Streamlined and Secure Model Loading with Safetensors
Written on
Chapter 1: Introduction to Safetensors
In the realm of machine learning, model security and efficiency are paramount. Traditional methods of model storage often rely on Python's pickle module, which poses significant risks. According to the official Python documentation, using pickle can be dangerous:
Warning: The pickle module is not secure. Only unpickle data you trust.
The potential for executing harmful code during unpickling is a serious concern. Furthermore, loading large models with pickle can be inefficient. The process involves several steps:
- An empty model is instantiated.
- The model weights are loaded into memory.
- These weights are then copied into the newly created model.
- The final model is transferred to the appropriate device for inference, such as a GPU.
This two-step loading means that PyTorch requires double the memory of the model size. Fortunately, there are alternatives that enhance both security and efficiency. One such solution is safetensors, a format developed by Hugging Face designed for safer and more efficient model loading.
Chapter 2: What Makes Safetensors Unique?
The safetensors format is straightforward, comprising three components:
- A small segment indicating the header size (integer).
- A header segment in JSON format.
- The main segment containing the model data in binary format.

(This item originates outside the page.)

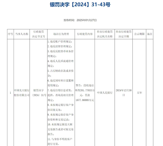 其中,光大银行在2024年底收到了央行的千万罚单,涉及的问题主要有违反账户管理规定、违反清算管理规定、违反反假货币业务管理规定等10项内容。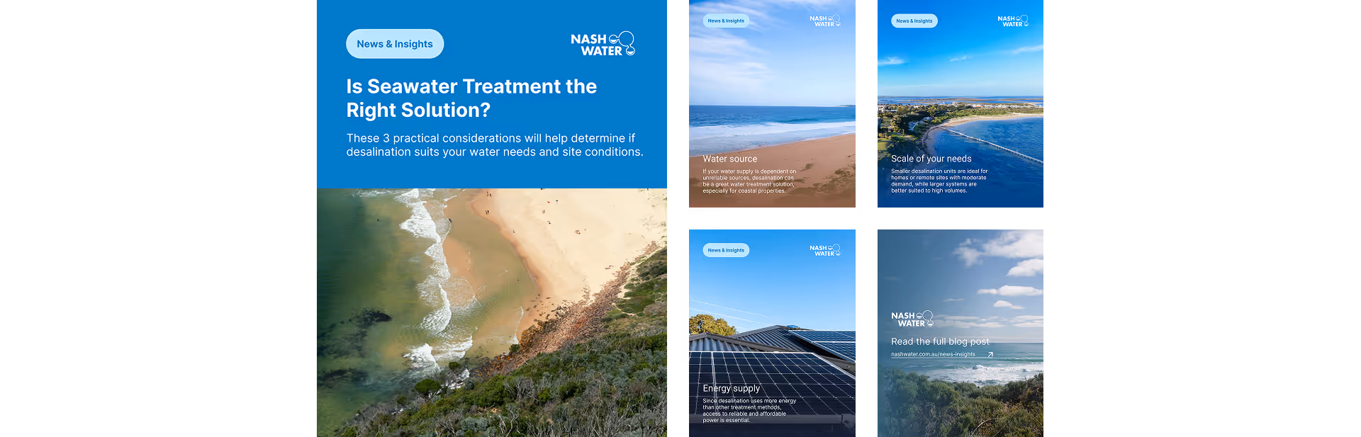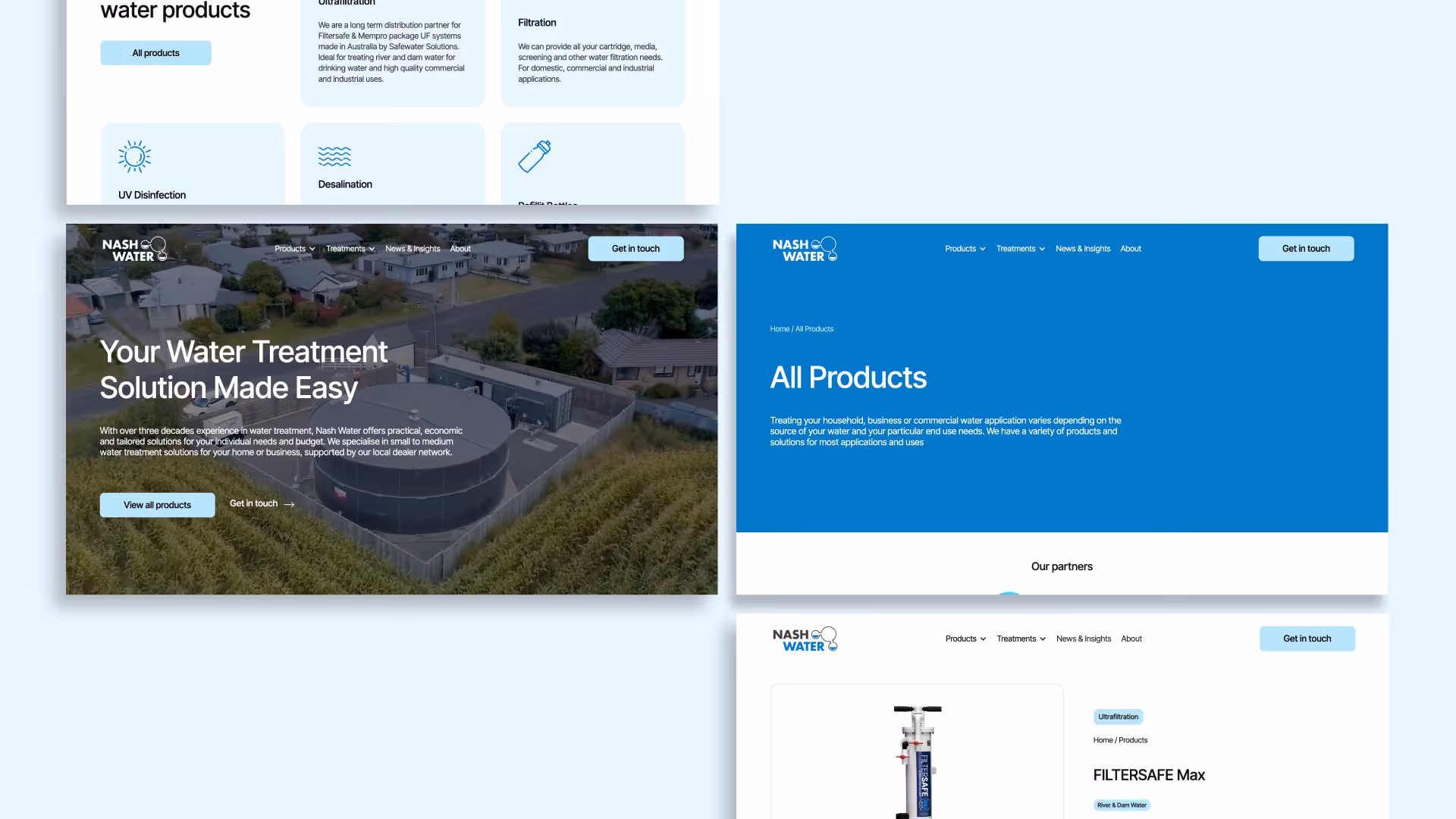 Nash Water is a Melbourne-based water treatment specialist, offering practical, economic and tailored solutions for clients' individual needs and budget. Supported by a trusted national dealer network, the business has built a strong reputation for their technical expertise and straightforward advice. While Nash Water’s offering was well-regarded, they lacked digital presence which left their deep industry expertise unrepresented and prospective clients without a platform to engage with complex product information.

2.1 Why Is Safetensors Considered Safe?
Unlike pickle, safetensors avoids the use of Python's eval function, which poses a security risk by executing any code contained in the loaded model. Instead, safetensors is implemented in RUST, which is known for its resilience against various exploits. Although RUST is not infallible and may have vulnerabilities, it significantly reduces the risk compared to loading unknown binaries with Python.
2.2 Efficiency and Speed of Safetensors
In addition to being secure, safetensors is designed for speed and memory efficiency. Unlike PyTorch's method, which duplicates memory usage during loading, safetensors loads the model directly onto the specified device. For instance, if your model requires 100 GB of memory, the loading process will only use that amount, rather than the 200 GB needed with a pickled model. Additionally, safetensors supports lazy loading, allowing you to access portions of the model without loading it entirely.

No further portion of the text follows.